Şimdi bu mümin kulun karakteristik özelliklerini tespit ettik. Bu mümin kulun nasıl bir karakteri var ki bunları başarabildi?
1- Temkinli fakat korkak değil.
2- Önce düşündürerek doğruya getirmeye çalışıyor. Önce akıllara hitap ediyor.
*Bakın bu bizim eksik olduğumuzu bir yer, akıllara hitap etmek. Halbuki Yusuf suresinin sonunda Cenab-ı Hak Peygamber Efendimize ne diyor; "Benim yolum budur. Ben ve benim yolumdan gidenleri basiretle hakka davet ederiz." Düşündürerek, basiretlere hitap ederek hakka davet ederiz.

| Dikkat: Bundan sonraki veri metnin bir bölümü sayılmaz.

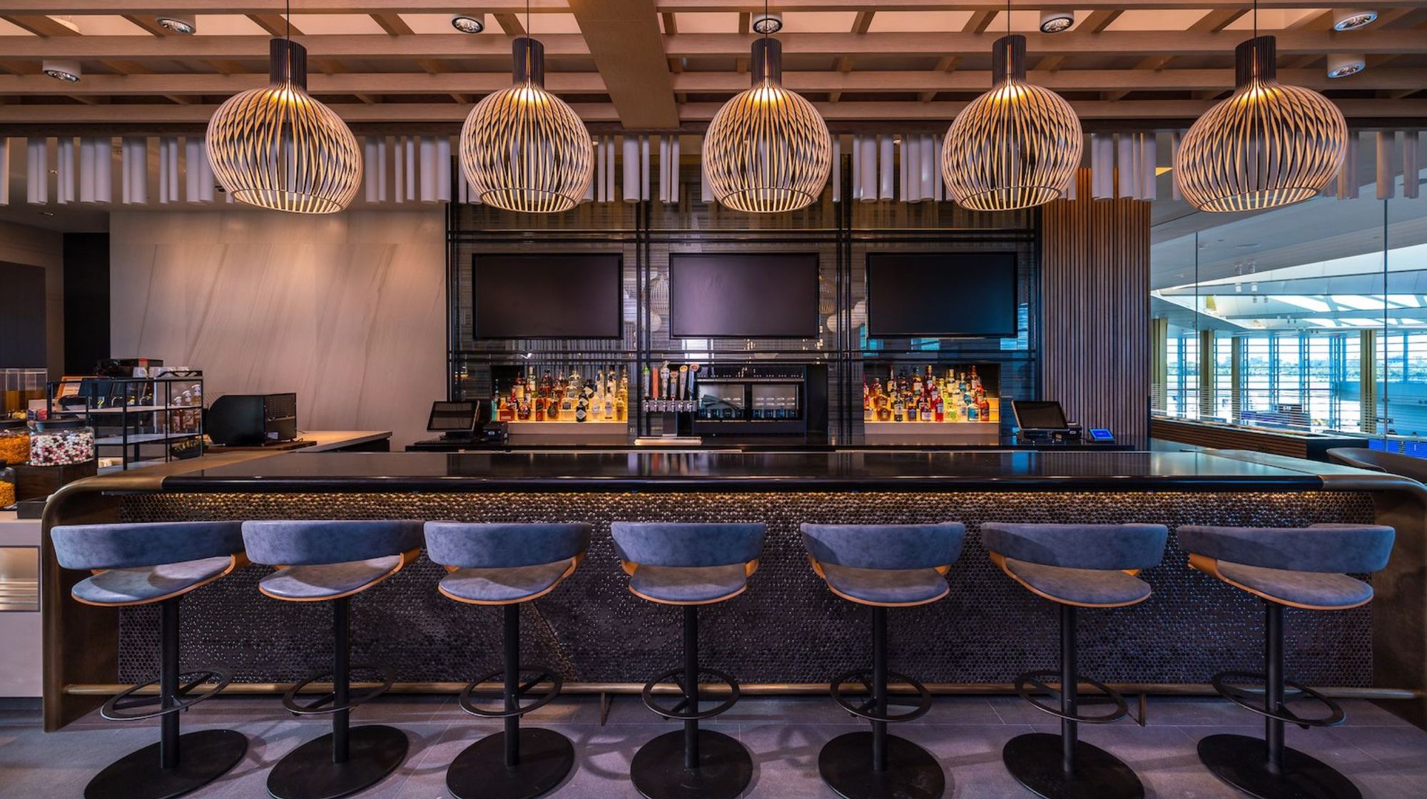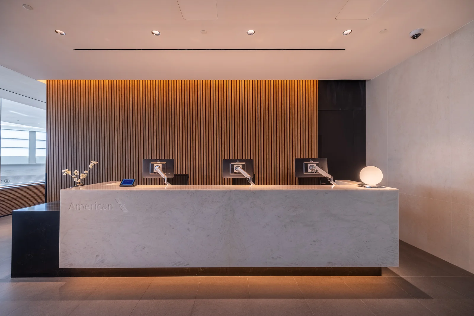 American Airlines has redefined the travel experience at Ronald Reagan Washington National Airport (DCA) with the stunning renovation of its Admirals Club lounge. This elevated space showcases American’s dedication to world-class hospitality, combining modern design with warm, refined materials to create a sophisticated retreat in the heart of the nation’s capital. HRSW contributed to the transformation with a highly customized reception desk featuring sandblasted and water-jetted marble, an executive bar, additional bar areas, and a large custom fireplace.

3- Motivasyonu ahiret kaynaklı. Hiçbir mevki beklentisi yok. Hiçbir yerde Hz. Musa'nın adı geçiyor mu? Ahiret, Allah'ın rızası, Cennet… Hep bunlardan bahsediyor.

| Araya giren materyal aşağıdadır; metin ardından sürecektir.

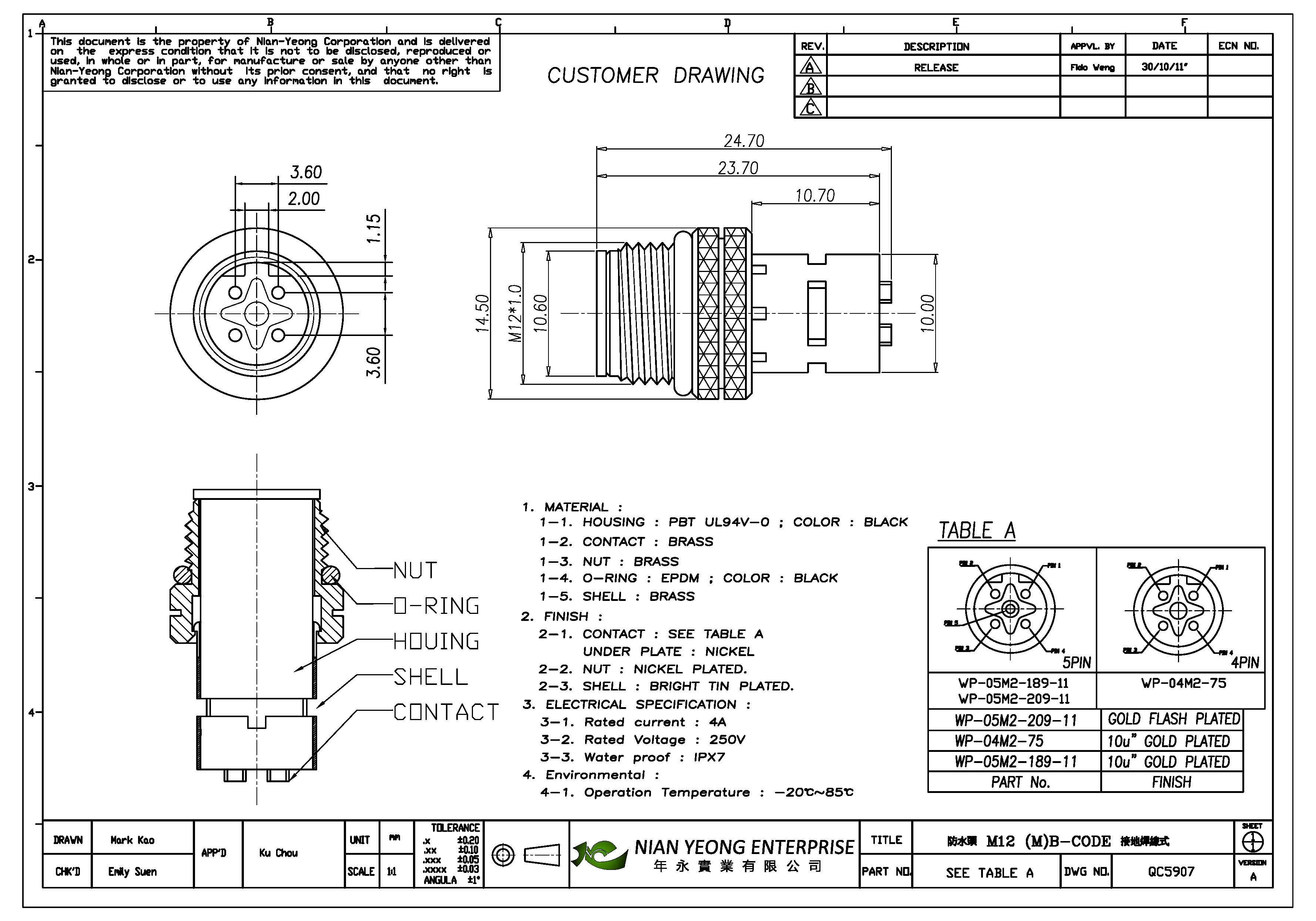 M12 公頭 5PIN B-Coded 線端焊線式防水連接器(帶接地)/連接器

4- Davet ehli, yani doğruyu kendine saklamıyor. (Bu sekülerleşmiş, kapitalizme hizmet eden postmodernist psikolojiye karşı da sizi uyarıyorum. Postmodernist şu demek, ortak bir hakikat yok, herkesin kendi hakikati var. Psikoloğa gidiyorsun, diyor ki; doğru önemli değil, sen nasıl iyi hissediyorsun kendini, o önemli. Nasıl yani? Ben yanlış yaparak iyi hissedersem kendimi, bu iyi bir şey mi? Psikolog, benim amacım sana kendini iyi hissettirmek, diyor. Anneniz babanız biraz başınıza ekşiyorsa, bunlar toksik ilişki hemen sınırlarını çiz, hemen tavrını al ama patronunla geçinemiyorsan, geçinmen lazım. Kapitalizme hizmet ediyor. Ve sekülerleşmiş, Allah rızası yok, ahiret düşüncesi yok, hiç gündeme gelmiyor, siz gündeme getirseniz de inanılır bulunuyor mu bilmiyorum. Onun için hep söylediğim bir şeydir; arkadaşlar açıkça söylüyorum sadece ve sadece değerlerinizi paylaşan psikologlardan yardım alın.